🤖 AI Summary
This work addresses backdoor attacks leveraging diverse embedding mechanisms in deep neural networks, proposing a training-data-free and prior-knowledge-agnostic universal backdoor detection and reverse-engineering method. The core problem tackled is the lack of robust, model-agnostic approaches capable of identifying triggers and localizing target classes without access to clean data or attack specifications. Our method introduces consensus-based embedding perturbation into backdoor feature space inversion, comprising three key components: (i) embedding-layer perturbation modeling, (ii) consensus-clustering-guided reverse optimization, and (iii) unsupervised target-class discrimination.

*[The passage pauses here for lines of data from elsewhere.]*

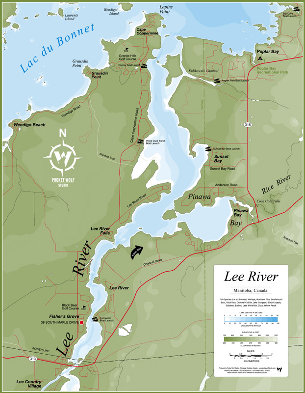 Lac Du Bonnet area – includes depths and physical features of Lee River
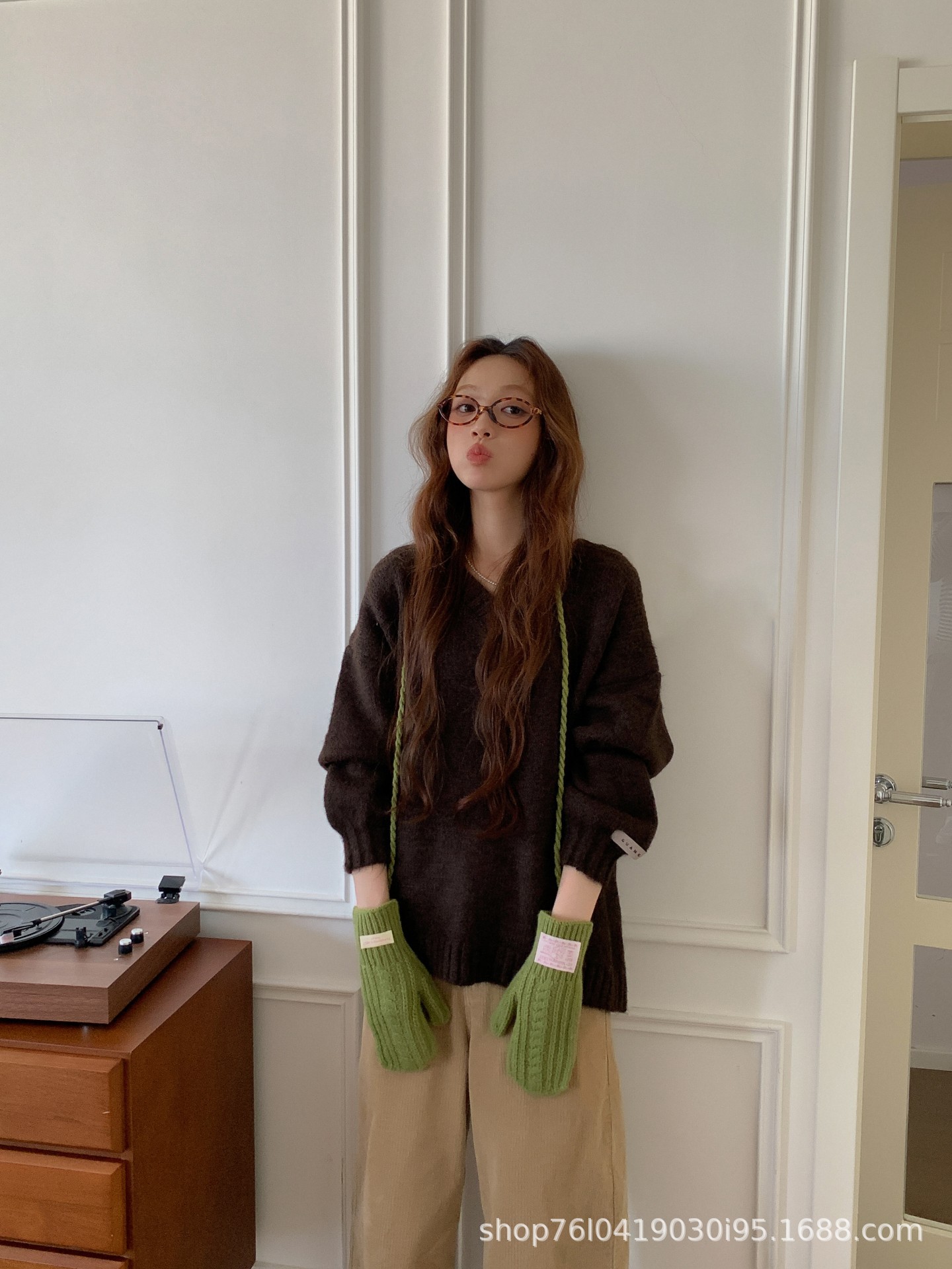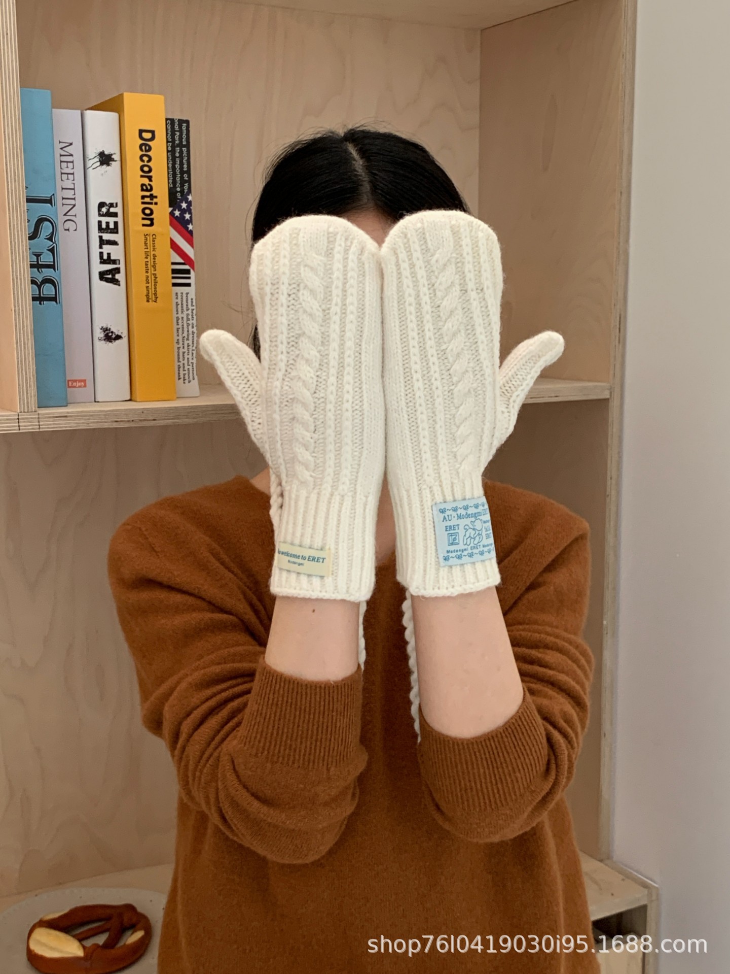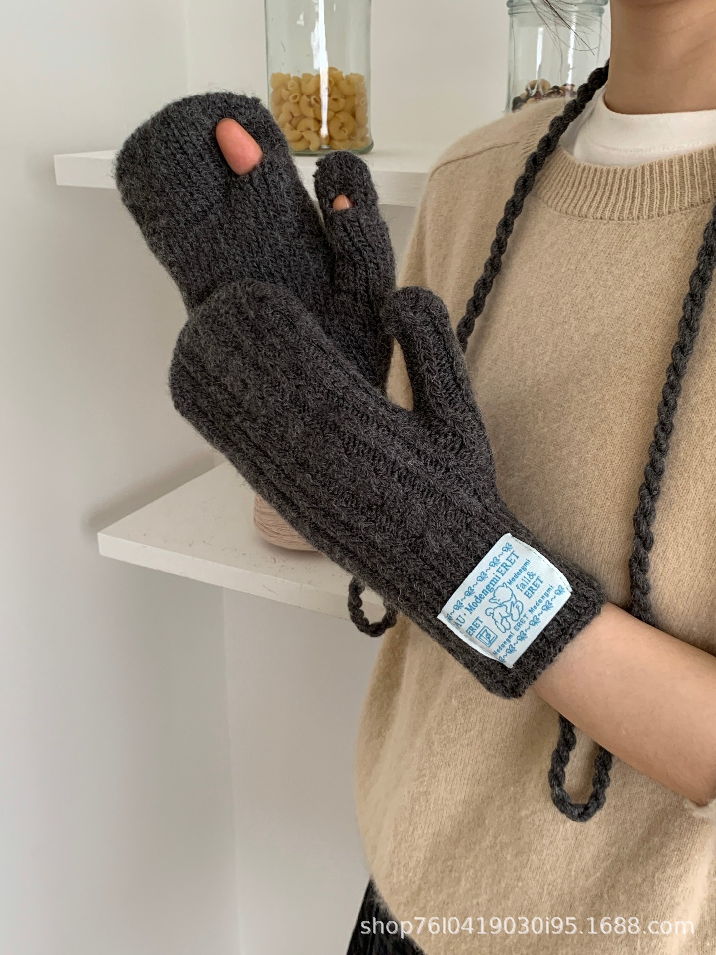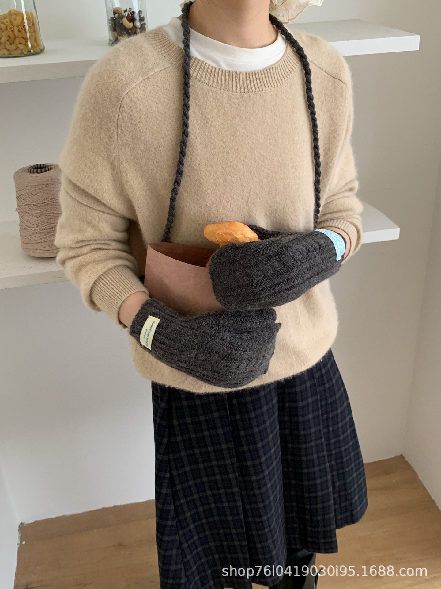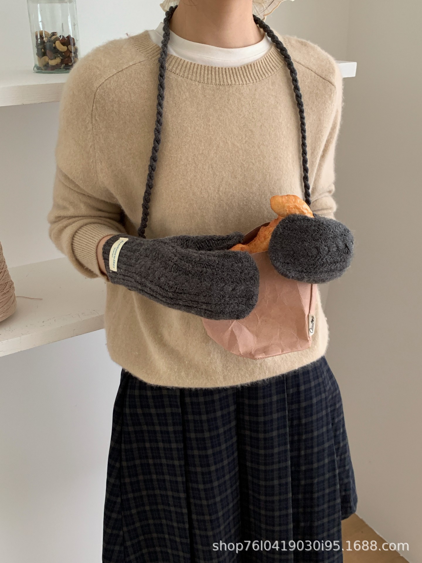 韩代同款麻花毛线手套25新款甜妹冬季骑行保暖挂脖包指手套可触屏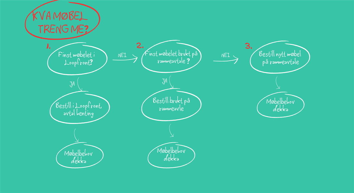 Voss herad er tilslutta Bergen kommune sin rammeavtale for møblar, og tidlegare i november tredde ein ny rammeavtale i kraft. I rammeavtalen er det ulike leverandørar etter ulike fagområde. Det som er nytt ved denne rammeavtalen er at møbelleverandørane skal kunna tilby brukte møblar i tillegg til nye, og difor skal me alltid sjekka om møbelet me treng finst brukt på rammeavtalen. Dersom møbelet ikkje finst korkje i Loopfront eller brukt på rammeavtale, kan ein kjøpa nytt.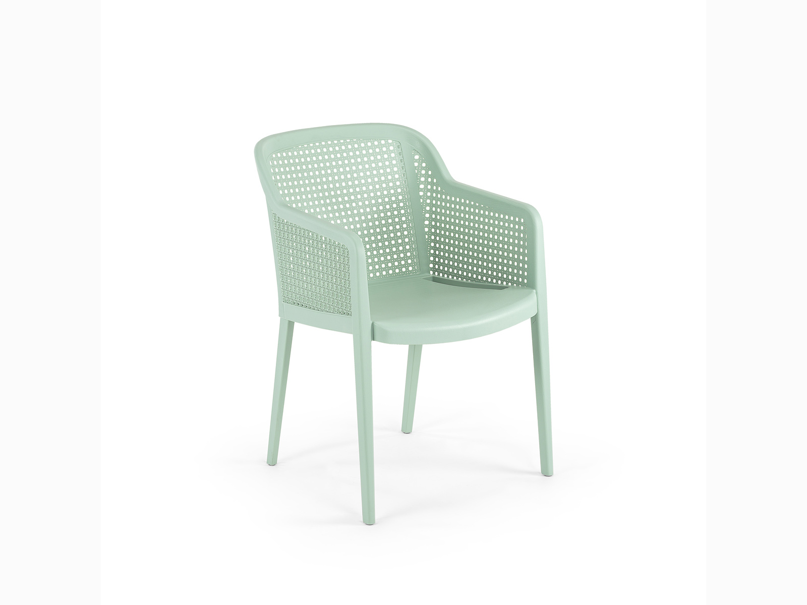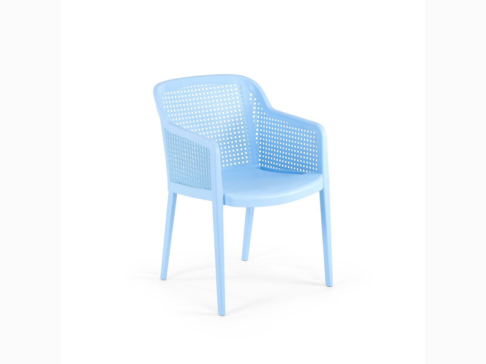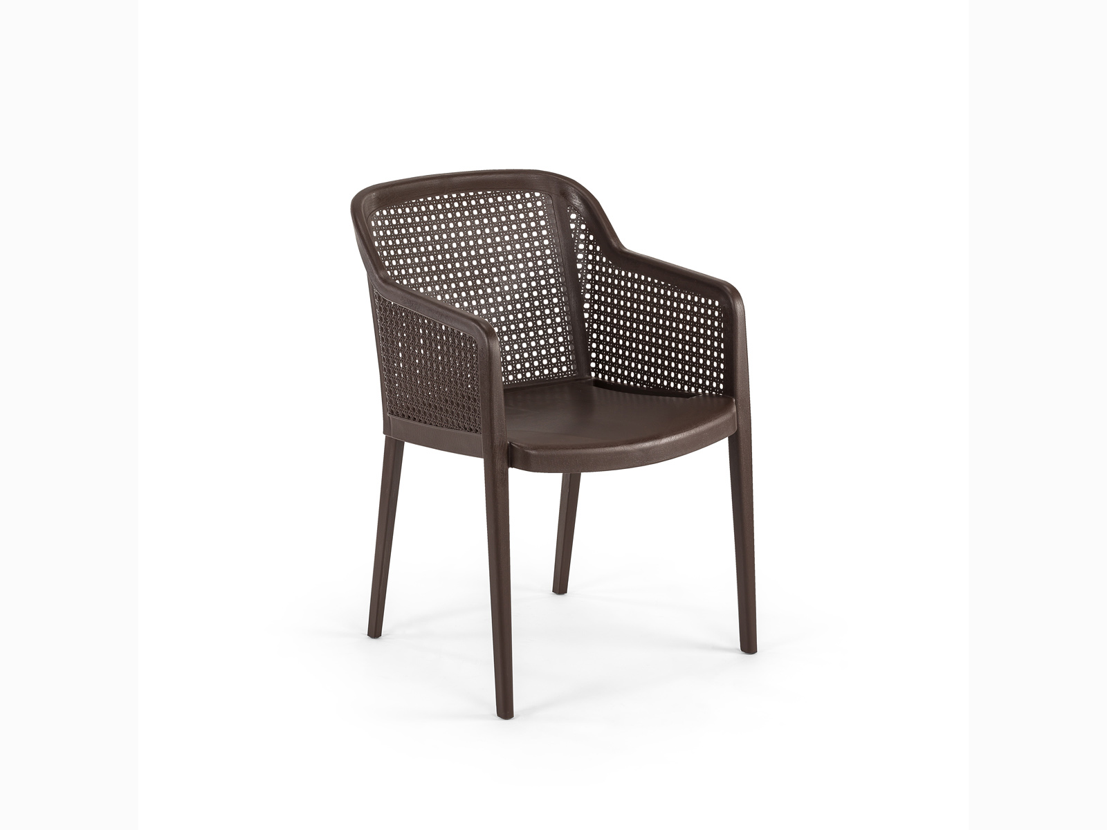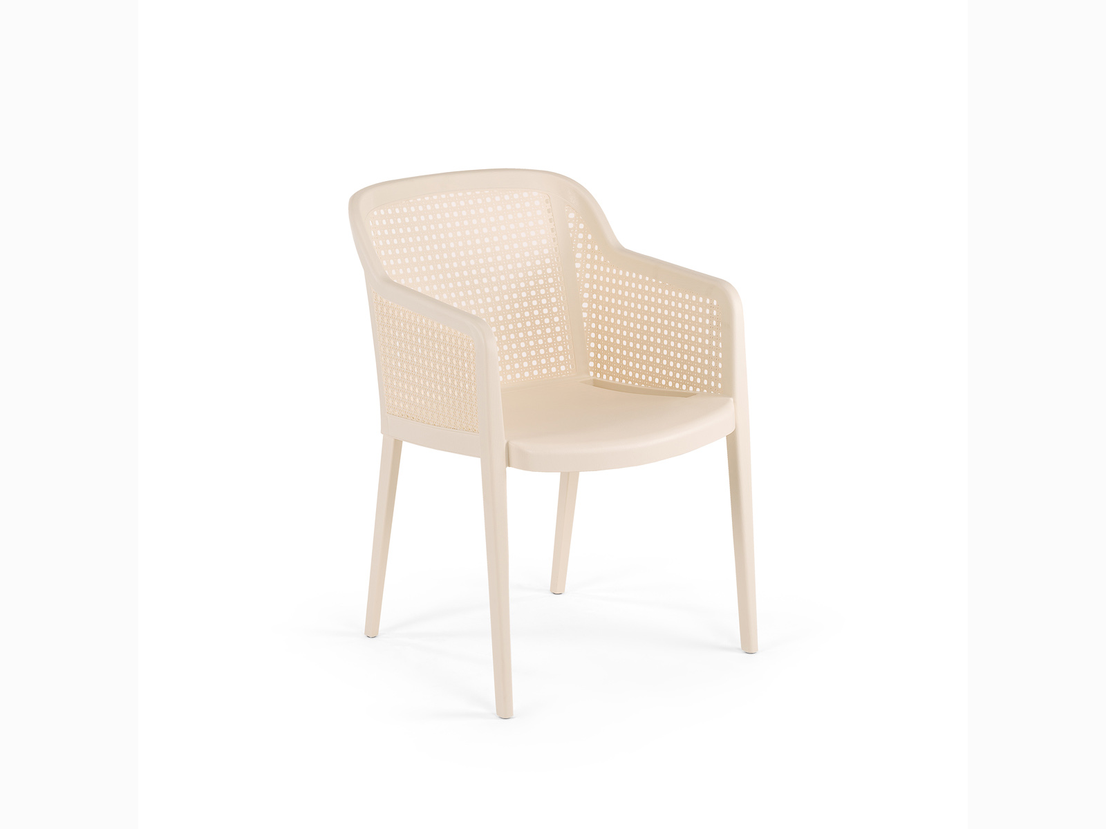 Üvegszállal erősített, egyben formaöntött műanyag, karfás szék. Rakásolható. Kültérre is ajánlott. Ülőpárna elérhető hozzá.

This enables simultaneous trigger reconstruction and interpretable target-class identification. Evaluated on CIFAR-10 and CIFAR-100 against BadNets, Blend, SIG, and other state-of-the-art attacks, our approach achieves >96% detection accuracy—surpassing existing SOTA methods—and demonstrates strong robustness and cross-attack generalizability.
📝 Abstract
A variety of defenses have been proposed against Trojans planted in (backdoor attacks on) deep neural network (DNN) classifiers. Backdoor-agnostic methods seek to reliably detect and/or to mitigate backdoors irrespective of the incorporation mechanism used by the attacker, while inversion methods explicitly assume one. In this paper, we describe a new detector that: relies on embedded feature representations to estimate (invert) the backdoor and to identify its target class; can operate without access to the training dataset; and is highly effective for various incorporation mechanisms (i.e., is backdoor agnostic). Our detection approach is evaluated -- and found to be favorable - in comparison with an array of published defenses for a variety of different attacks on the CIFAR-10 and CIFAR-100 image-classification domains.